Problem: Leaving every picture out, please return exactly the lines from the top of the material below through the line with "Voilà pour le", both included.

***** Available data *****

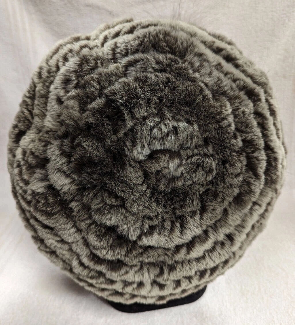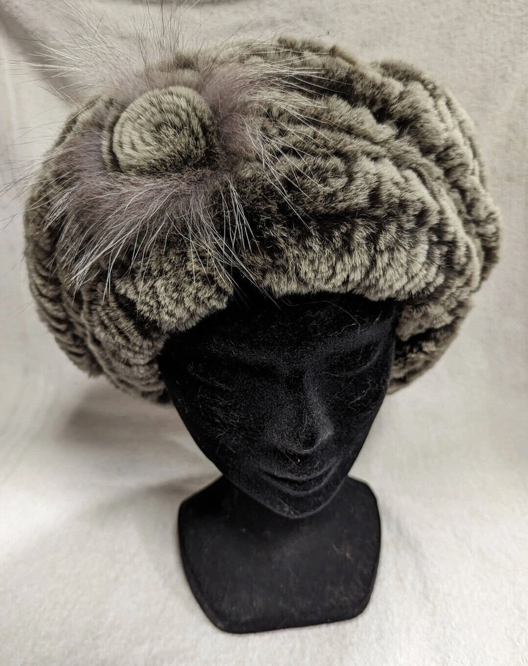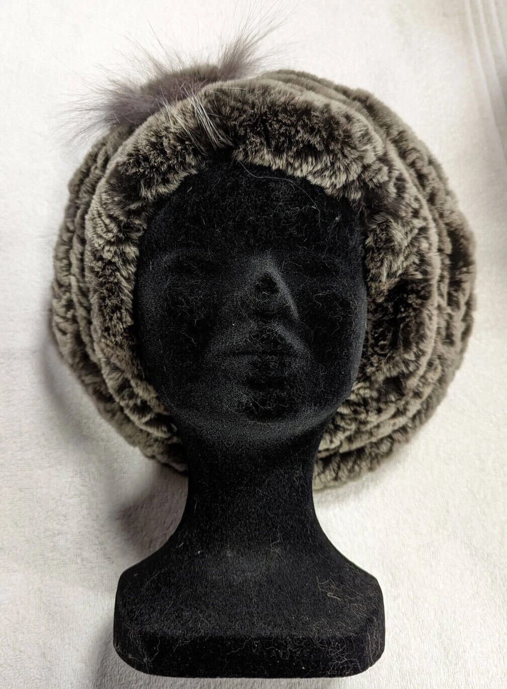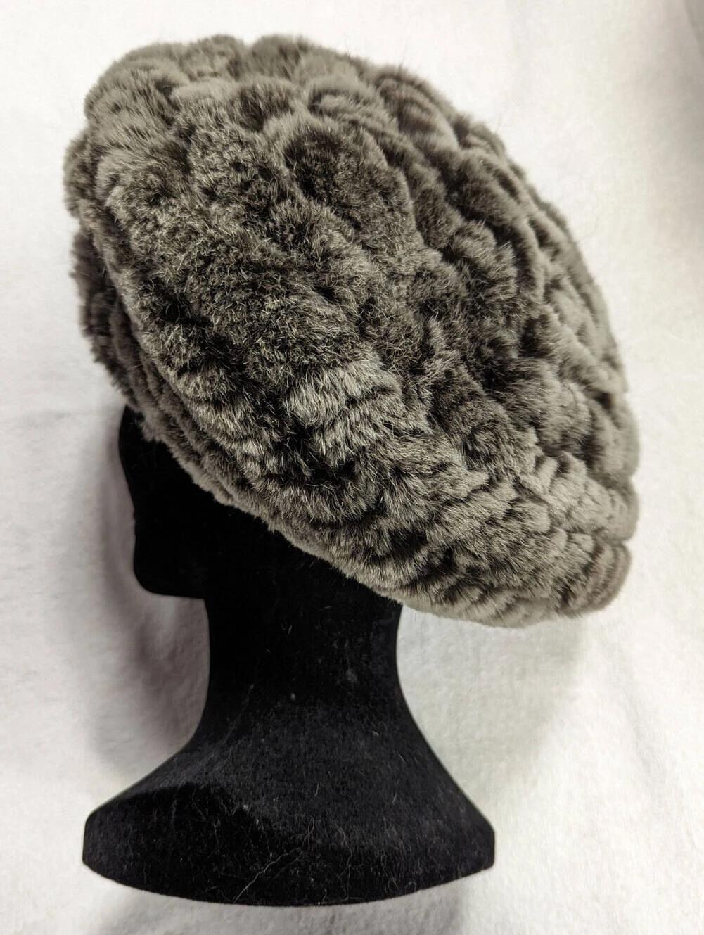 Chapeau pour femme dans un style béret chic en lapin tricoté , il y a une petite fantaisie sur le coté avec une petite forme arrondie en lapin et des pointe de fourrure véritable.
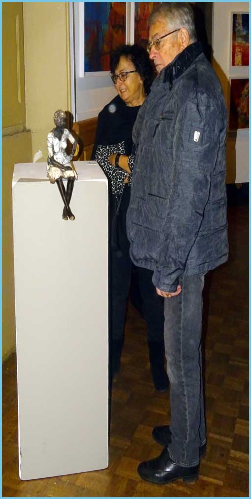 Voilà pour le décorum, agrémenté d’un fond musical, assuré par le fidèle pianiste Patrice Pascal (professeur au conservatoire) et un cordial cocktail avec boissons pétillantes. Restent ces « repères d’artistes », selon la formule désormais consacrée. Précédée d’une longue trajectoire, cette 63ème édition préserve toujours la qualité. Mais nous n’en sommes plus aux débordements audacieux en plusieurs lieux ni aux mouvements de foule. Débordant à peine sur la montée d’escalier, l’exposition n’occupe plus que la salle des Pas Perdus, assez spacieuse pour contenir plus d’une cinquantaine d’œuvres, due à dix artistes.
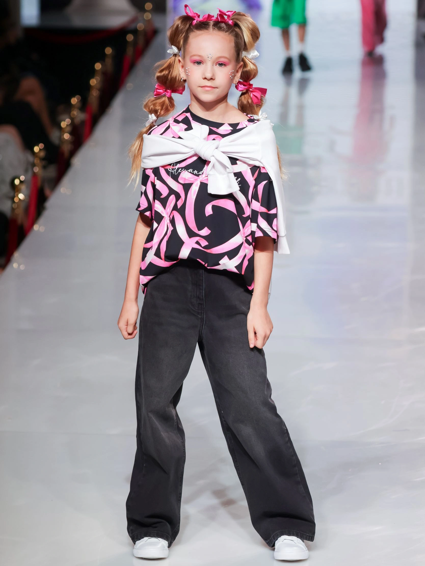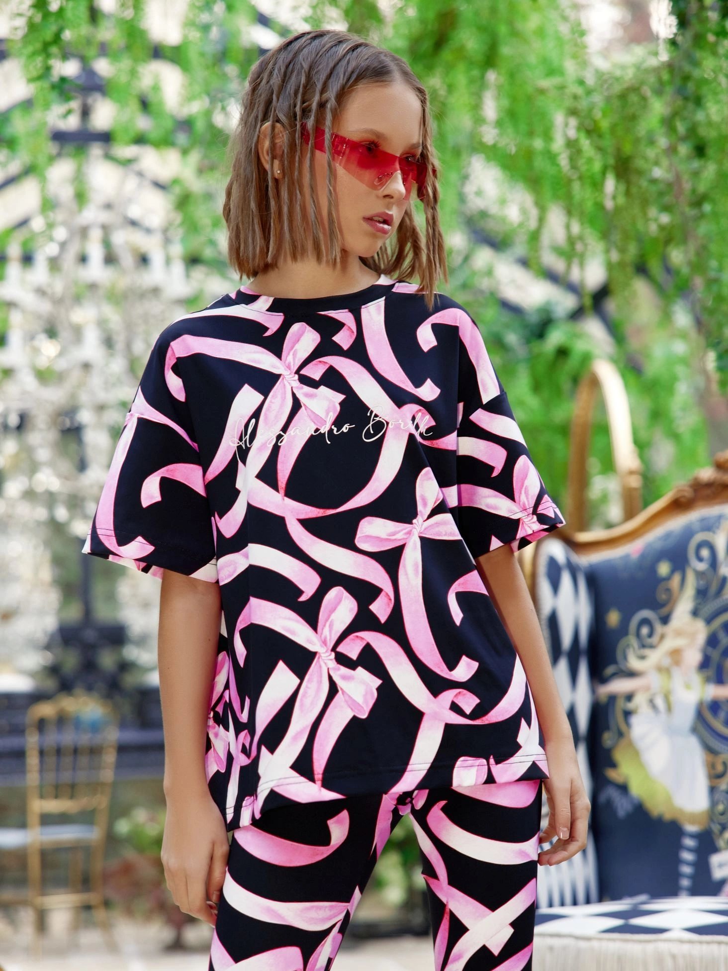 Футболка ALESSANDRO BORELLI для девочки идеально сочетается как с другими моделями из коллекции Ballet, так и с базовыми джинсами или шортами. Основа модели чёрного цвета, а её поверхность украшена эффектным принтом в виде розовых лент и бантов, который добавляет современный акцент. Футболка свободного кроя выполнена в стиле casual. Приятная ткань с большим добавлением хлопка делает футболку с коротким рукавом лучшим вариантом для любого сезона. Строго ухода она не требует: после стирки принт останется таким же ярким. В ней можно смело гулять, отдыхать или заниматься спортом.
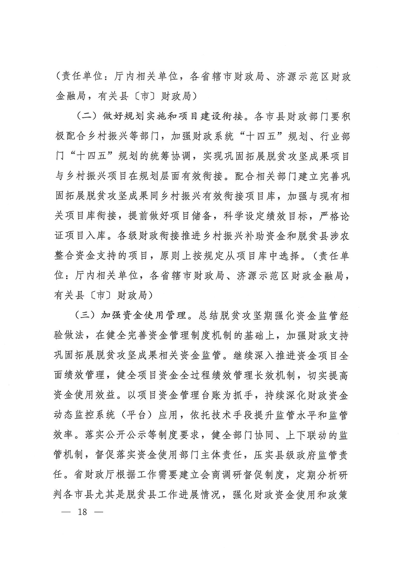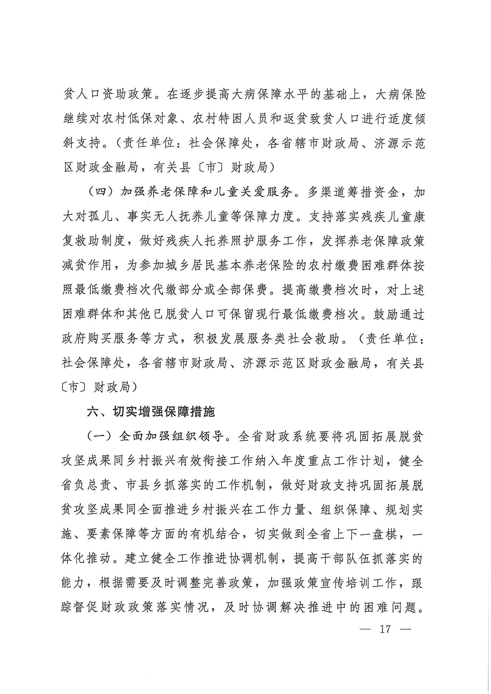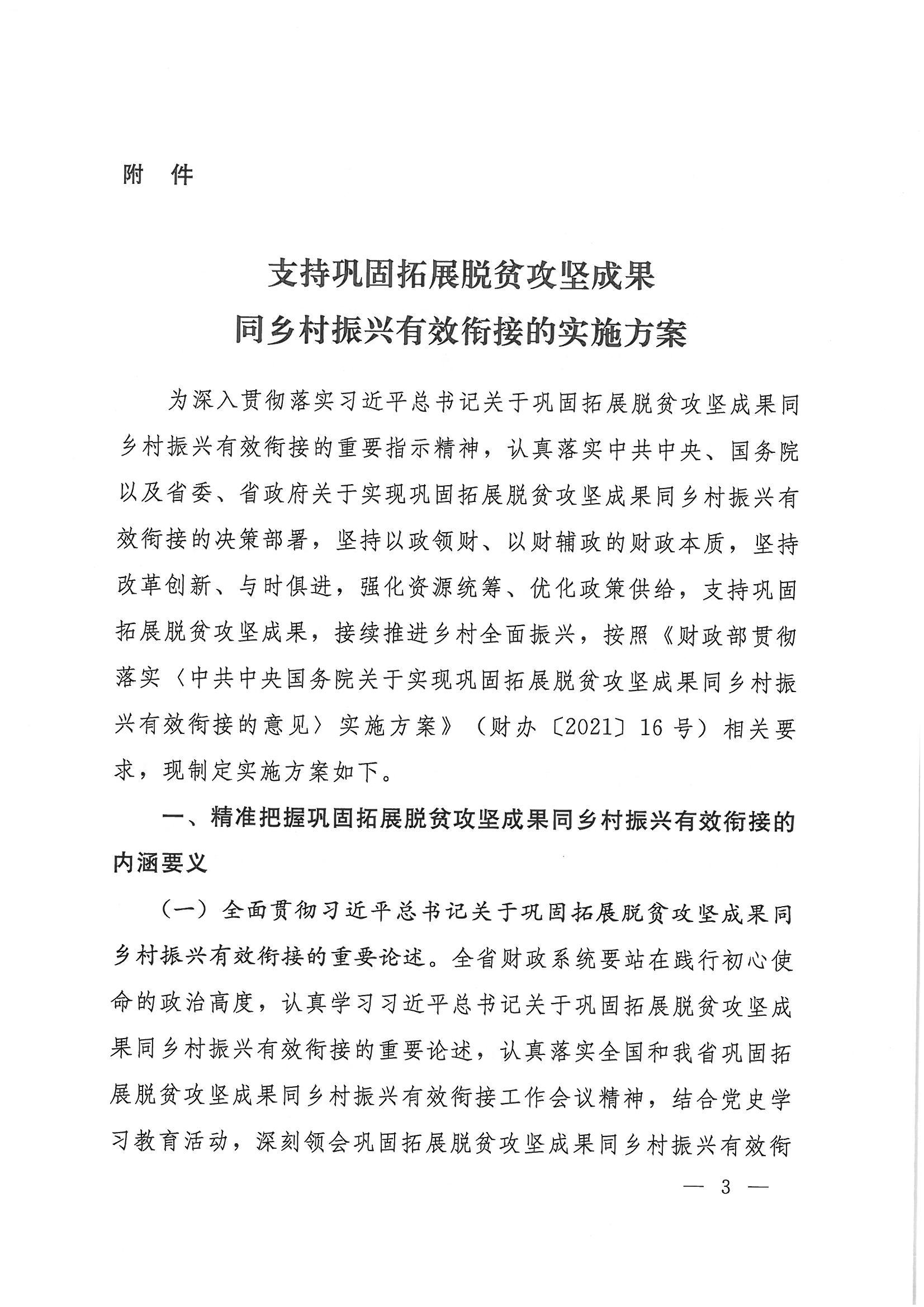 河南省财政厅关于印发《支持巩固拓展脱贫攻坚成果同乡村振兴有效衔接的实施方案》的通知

*****

Completed exercise:
 Chapeau pour femme dans un style béret chic en lapin tricoté , il y a une petite fantaisie sur le coté avec une petite forme arrondie en lapin et des pointe de fourrure véritable.
 Voilà pour le décorum, agrémenté d’un fond musical, assuré par le fidèle pianiste Patrice Pascal (professeur au conservatoire) et un cordial cocktail avec boissons pétillantes. Restent ces « repères d’artistes », selon la formule désormais consacrée. Précédée d’une longue trajectoire, cette 63ème édition préserve toujours la qualité. Mais nous n’en sommes plus aux débordements audacieux en plusieurs lieux ni aux mouvements de foule. Débordant à peine sur la montée d’escalier, l’exposition n’occupe plus que la salle des Pas Perdus, assez spacieuse pour contenir plus d’une cinquantaine d’œuvres, due à dix artistes.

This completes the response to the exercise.